* **DIRECTIONS FOR THIS TASK**: In the entries below, begin at the line that has "中國水產(chǎn)頻道原創(chuàng)報道, 文/ 水產(chǎn)前沿實習編輯" and stop after the line that has "Ohne Zählung: Folgenschwer"; output those lines exactly, leaving out pictures.

(Dataset entries)
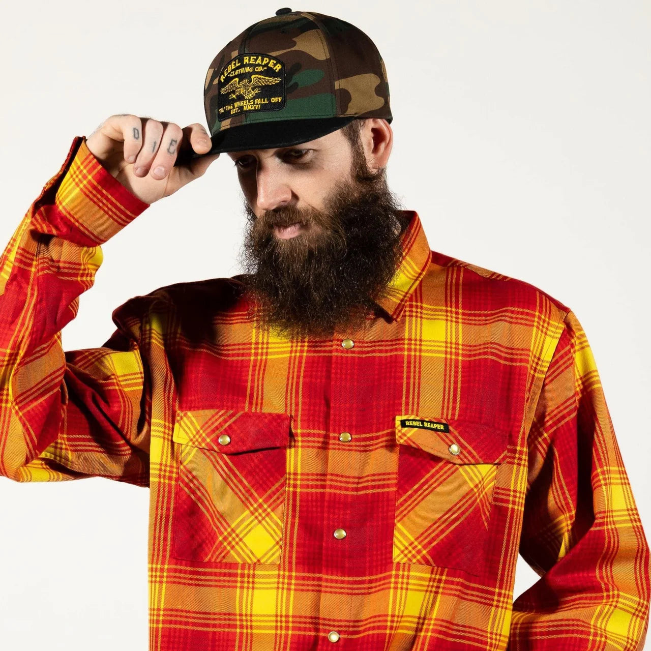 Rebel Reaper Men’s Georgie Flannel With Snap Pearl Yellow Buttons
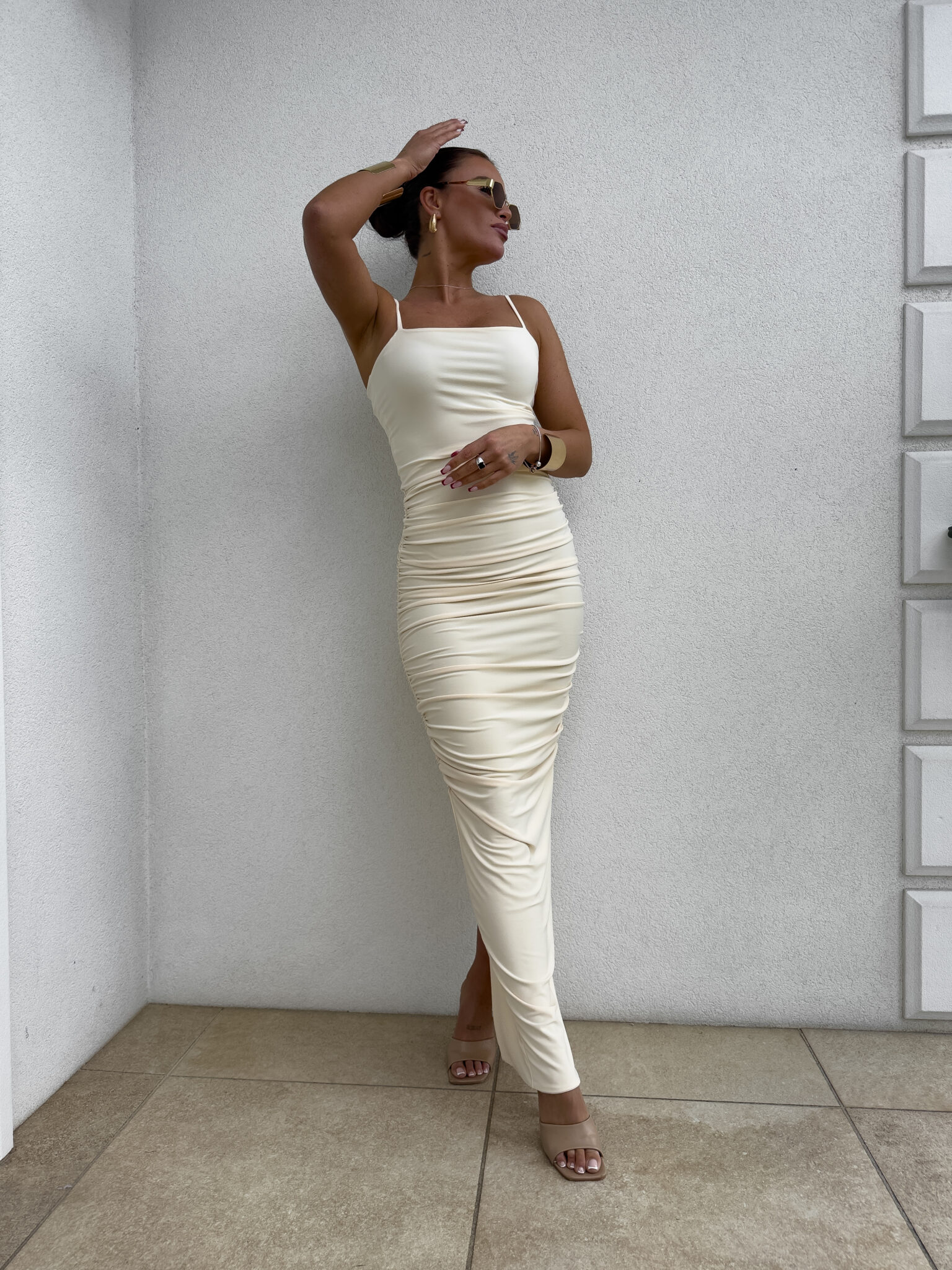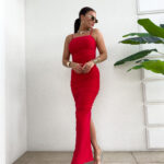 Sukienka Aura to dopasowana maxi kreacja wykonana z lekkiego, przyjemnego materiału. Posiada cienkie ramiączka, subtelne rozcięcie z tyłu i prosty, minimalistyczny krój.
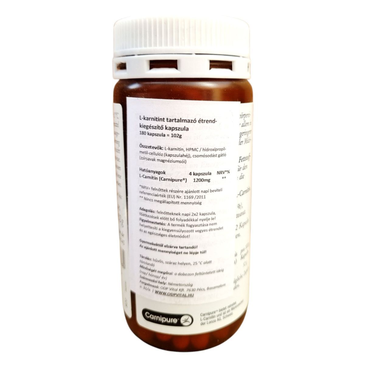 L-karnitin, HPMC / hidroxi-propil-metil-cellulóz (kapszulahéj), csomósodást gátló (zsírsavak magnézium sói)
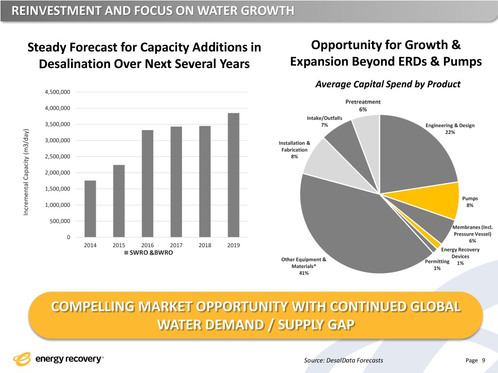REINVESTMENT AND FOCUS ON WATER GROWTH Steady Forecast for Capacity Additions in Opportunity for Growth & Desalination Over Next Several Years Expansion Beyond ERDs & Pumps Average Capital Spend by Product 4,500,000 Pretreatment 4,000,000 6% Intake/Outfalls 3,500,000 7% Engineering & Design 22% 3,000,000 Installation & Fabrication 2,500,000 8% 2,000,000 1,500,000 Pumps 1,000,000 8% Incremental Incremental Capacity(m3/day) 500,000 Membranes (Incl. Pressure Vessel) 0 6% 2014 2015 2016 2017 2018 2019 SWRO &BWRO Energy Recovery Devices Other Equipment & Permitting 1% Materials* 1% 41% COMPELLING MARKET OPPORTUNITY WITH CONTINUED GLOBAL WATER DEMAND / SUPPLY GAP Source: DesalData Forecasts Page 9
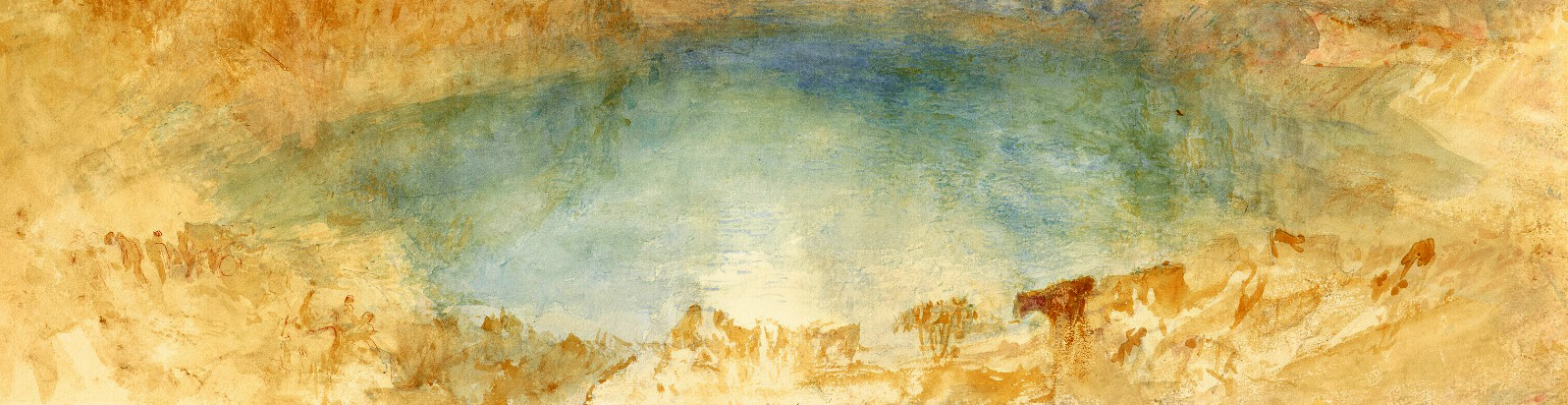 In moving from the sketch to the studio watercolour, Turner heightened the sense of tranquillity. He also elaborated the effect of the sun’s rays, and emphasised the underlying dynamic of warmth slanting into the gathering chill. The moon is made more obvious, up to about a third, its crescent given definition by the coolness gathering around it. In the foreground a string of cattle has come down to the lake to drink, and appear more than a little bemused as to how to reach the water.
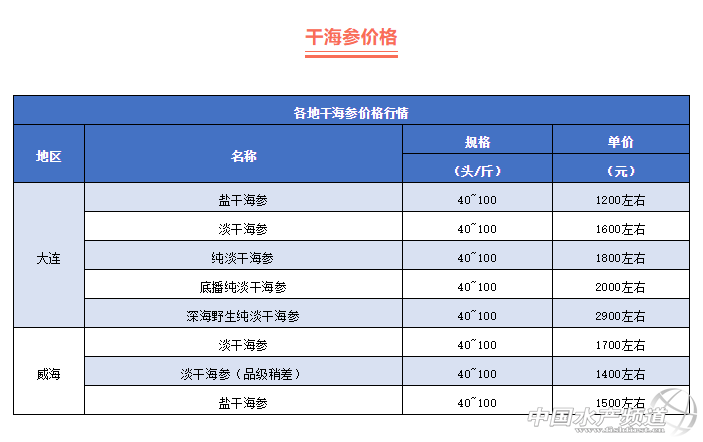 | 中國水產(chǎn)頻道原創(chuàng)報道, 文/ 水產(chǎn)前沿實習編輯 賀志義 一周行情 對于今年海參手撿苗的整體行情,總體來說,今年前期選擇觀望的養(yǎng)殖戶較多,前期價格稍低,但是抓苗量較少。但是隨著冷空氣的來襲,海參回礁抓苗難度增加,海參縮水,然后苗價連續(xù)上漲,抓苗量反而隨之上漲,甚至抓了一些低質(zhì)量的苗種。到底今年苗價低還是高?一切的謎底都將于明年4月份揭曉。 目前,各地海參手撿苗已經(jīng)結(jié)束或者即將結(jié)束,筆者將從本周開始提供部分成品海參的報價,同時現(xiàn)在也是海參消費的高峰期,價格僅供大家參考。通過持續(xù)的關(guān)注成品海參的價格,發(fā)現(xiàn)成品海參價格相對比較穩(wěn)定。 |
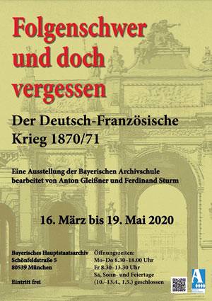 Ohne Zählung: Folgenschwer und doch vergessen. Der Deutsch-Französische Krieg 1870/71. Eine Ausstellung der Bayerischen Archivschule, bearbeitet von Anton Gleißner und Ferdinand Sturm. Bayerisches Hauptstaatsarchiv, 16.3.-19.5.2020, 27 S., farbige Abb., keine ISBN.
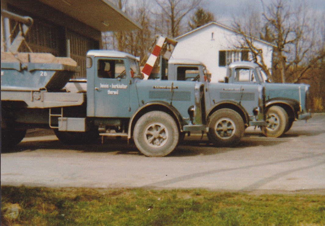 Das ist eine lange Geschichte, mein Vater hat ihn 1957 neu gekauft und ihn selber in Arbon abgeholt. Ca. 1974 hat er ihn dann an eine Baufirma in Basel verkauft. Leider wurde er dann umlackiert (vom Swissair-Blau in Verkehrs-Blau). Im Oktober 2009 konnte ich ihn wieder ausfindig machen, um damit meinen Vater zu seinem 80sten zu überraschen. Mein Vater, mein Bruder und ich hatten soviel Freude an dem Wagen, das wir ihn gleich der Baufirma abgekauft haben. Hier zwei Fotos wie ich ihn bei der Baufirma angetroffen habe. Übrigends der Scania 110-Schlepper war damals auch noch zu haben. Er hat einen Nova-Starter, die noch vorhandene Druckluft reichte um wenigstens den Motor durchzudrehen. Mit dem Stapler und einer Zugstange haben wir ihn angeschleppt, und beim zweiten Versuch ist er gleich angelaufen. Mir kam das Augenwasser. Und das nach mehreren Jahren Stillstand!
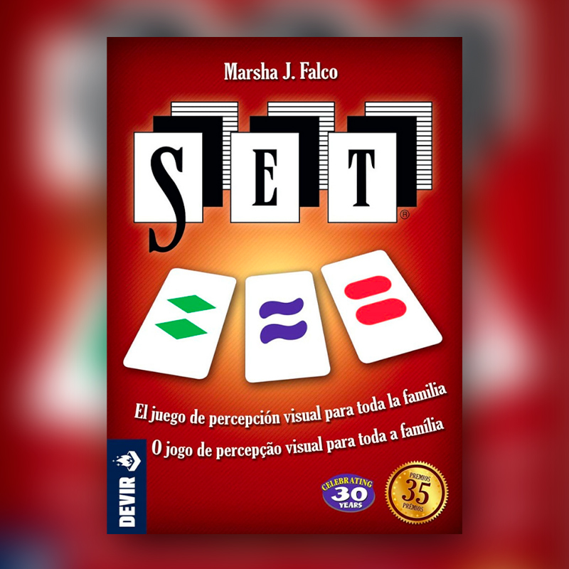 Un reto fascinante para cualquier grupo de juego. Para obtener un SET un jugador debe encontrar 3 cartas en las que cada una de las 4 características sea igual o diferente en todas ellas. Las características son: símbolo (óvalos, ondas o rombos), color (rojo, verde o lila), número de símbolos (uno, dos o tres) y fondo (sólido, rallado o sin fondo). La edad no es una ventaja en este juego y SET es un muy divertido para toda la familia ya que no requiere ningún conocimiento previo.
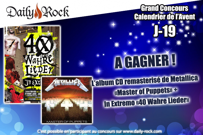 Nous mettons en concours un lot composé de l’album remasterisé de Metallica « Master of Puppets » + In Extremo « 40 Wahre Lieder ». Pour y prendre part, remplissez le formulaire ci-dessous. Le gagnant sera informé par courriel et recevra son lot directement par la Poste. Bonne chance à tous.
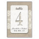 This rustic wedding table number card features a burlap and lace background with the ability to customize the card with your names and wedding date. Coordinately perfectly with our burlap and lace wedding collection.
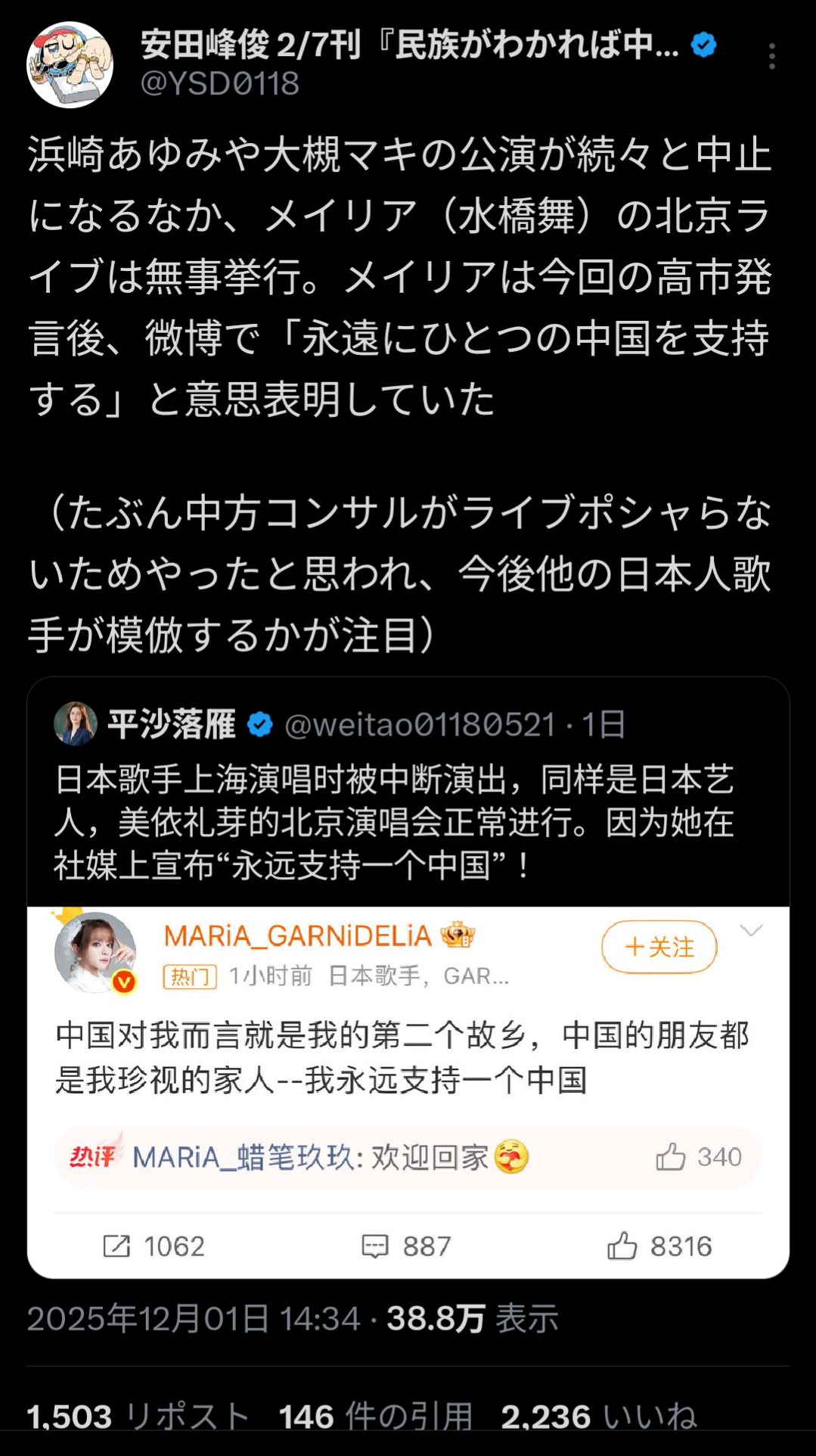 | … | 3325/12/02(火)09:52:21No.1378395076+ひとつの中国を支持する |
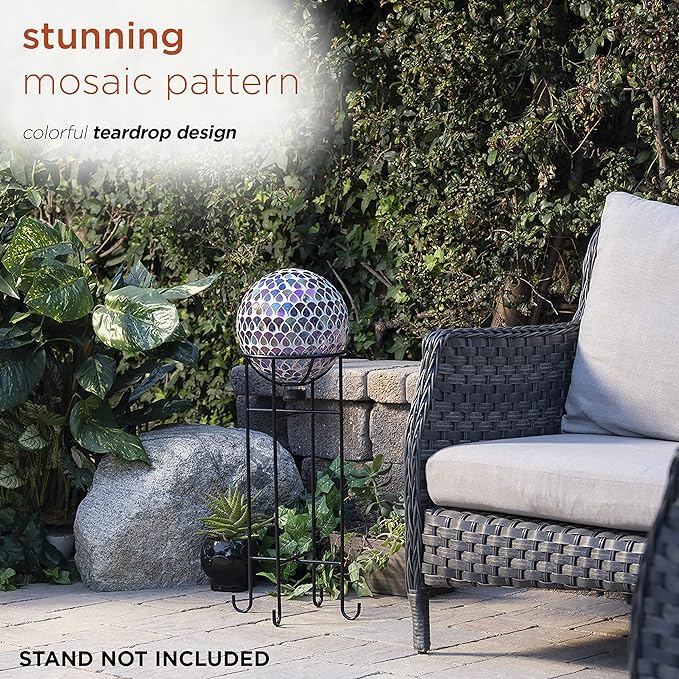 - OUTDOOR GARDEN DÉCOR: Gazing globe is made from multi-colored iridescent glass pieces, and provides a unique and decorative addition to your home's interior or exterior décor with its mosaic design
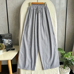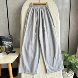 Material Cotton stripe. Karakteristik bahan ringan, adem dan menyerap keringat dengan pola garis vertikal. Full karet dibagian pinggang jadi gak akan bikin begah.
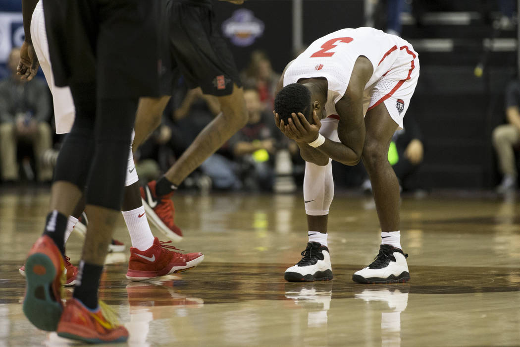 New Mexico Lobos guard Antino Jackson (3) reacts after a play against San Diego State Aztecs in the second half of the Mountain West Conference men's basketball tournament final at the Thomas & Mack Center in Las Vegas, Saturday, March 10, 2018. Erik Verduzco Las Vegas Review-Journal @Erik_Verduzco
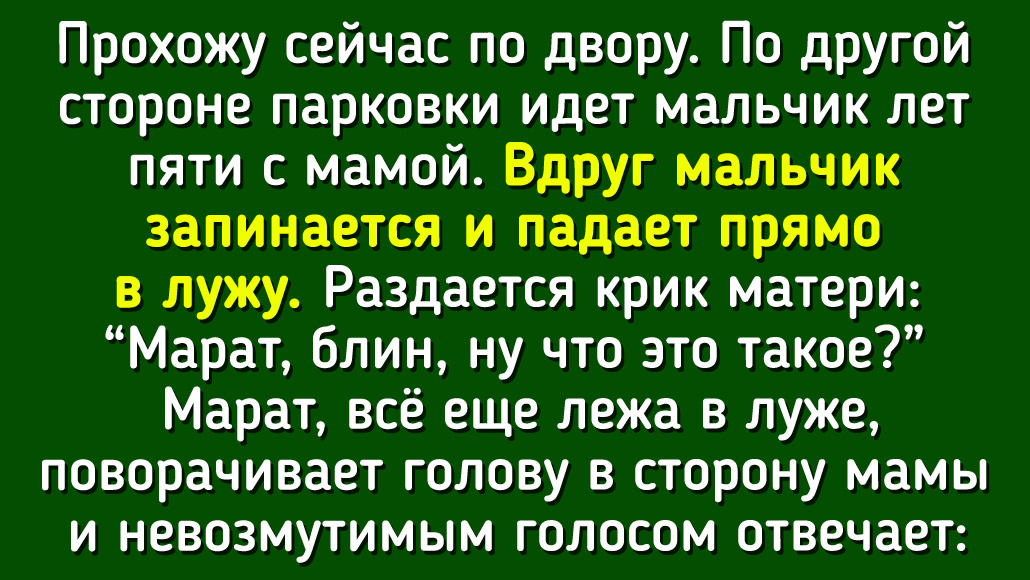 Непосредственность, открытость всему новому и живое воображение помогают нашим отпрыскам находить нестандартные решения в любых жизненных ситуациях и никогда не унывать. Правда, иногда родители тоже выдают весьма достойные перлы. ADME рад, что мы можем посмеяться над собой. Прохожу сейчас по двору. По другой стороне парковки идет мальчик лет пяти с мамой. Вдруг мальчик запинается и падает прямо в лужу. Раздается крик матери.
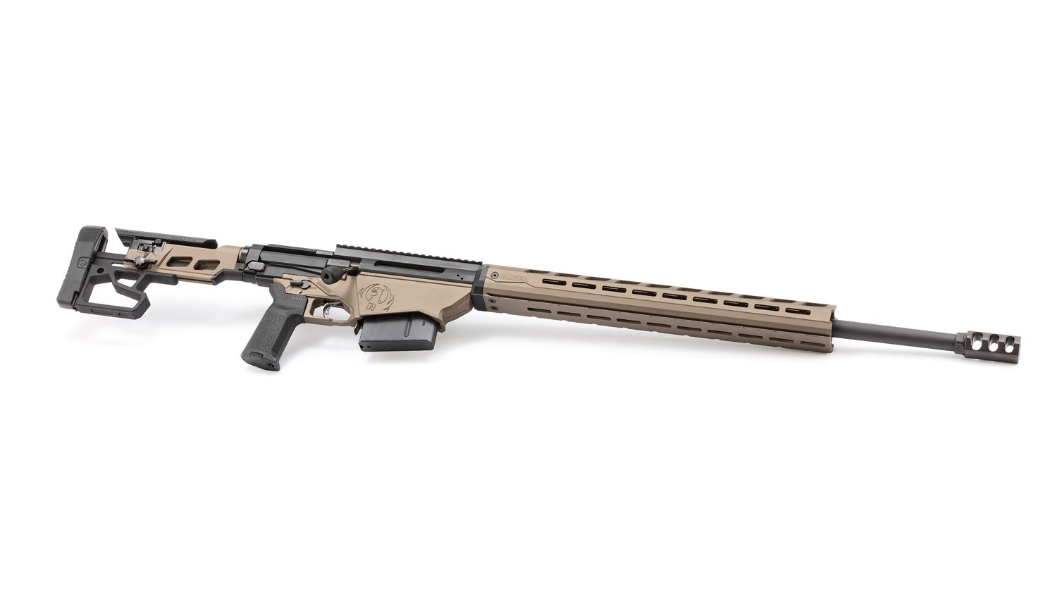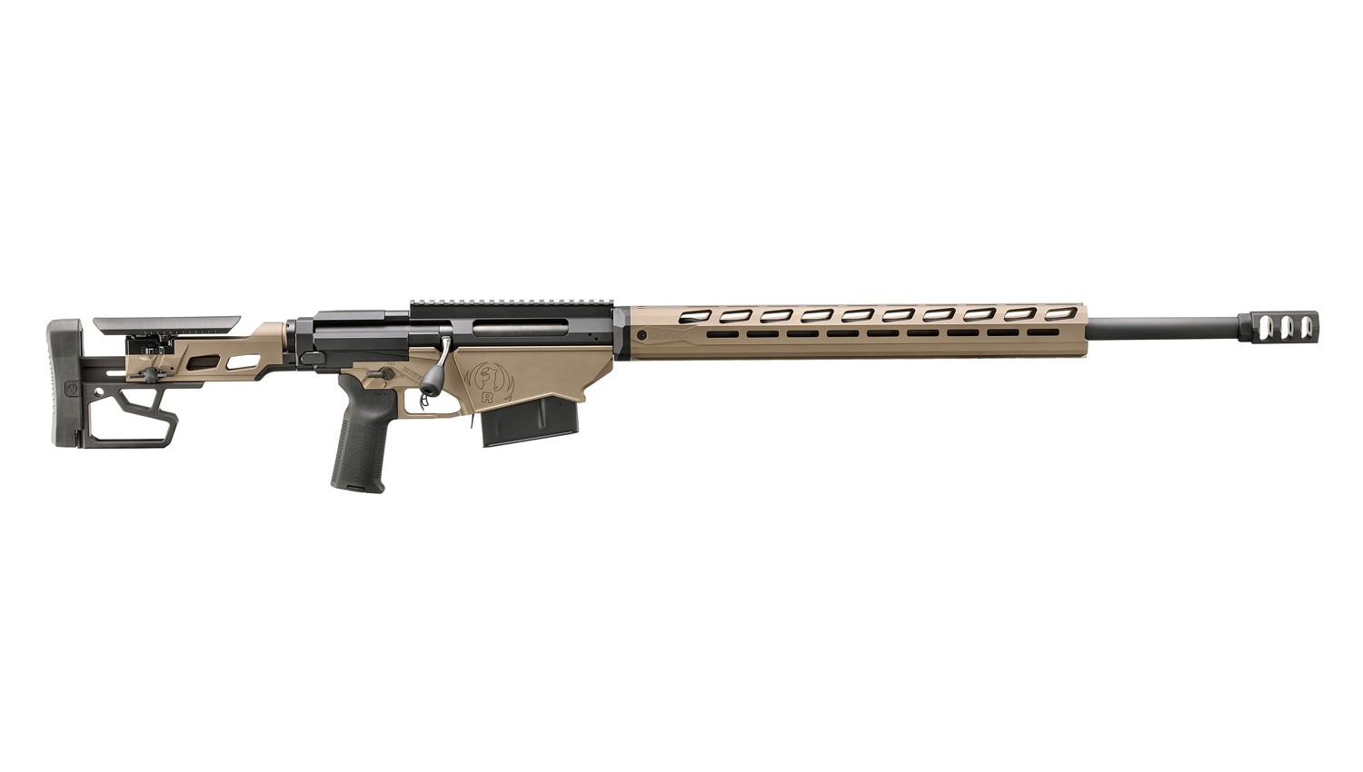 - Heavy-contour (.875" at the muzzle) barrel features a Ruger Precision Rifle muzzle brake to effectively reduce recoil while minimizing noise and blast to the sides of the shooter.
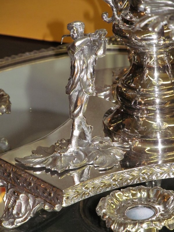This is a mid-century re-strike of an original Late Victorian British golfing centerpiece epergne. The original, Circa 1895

* **RESULT BELOW**:
 | 中國水產(chǎn)頻道原創(chuàng)報道, 文/ 水產(chǎn)前沿實習編輯 賀志義 一周行情 對于今年海參手撿苗的整體行情,總體來說,今年前期選擇觀望的養(yǎng)殖戶較多,前期價格稍低,但是抓苗量較少。但是隨著冷空氣的來襲,海參回礁抓苗難度增加,海參縮水,然后苗價連續(xù)上漲,抓苗量反而隨之上漲,甚至抓了一些低質(zhì)量的苗種。到底今年苗價低還是高?一切的謎底都將于明年4月份揭曉。 目前,各地海參手撿苗已經(jīng)結(jié)束或者即將結(jié)束,筆者將從本周開始提供部分成品海參的報價,同時現(xiàn)在也是海參消費的高峰期,價格僅供大家參考。通過持續(xù)的關(guān)注成品海參的價格,發(fā)現(xiàn)成品海參價格相對比較穩(wěn)定。 |
 Ohne Zählung: Folgenschwer und doch vergessen. Der Deutsch-Französische Krieg 1870/71. Eine Ausstellung der Bayerischen Archivschule, bearbeitet von Anton Gleißner und Ferdinand Sturm. Bayerisches Hauptstaatsarchiv, 16.3.-19.5.2020, 27 S., farbige Abb., keine ISBN.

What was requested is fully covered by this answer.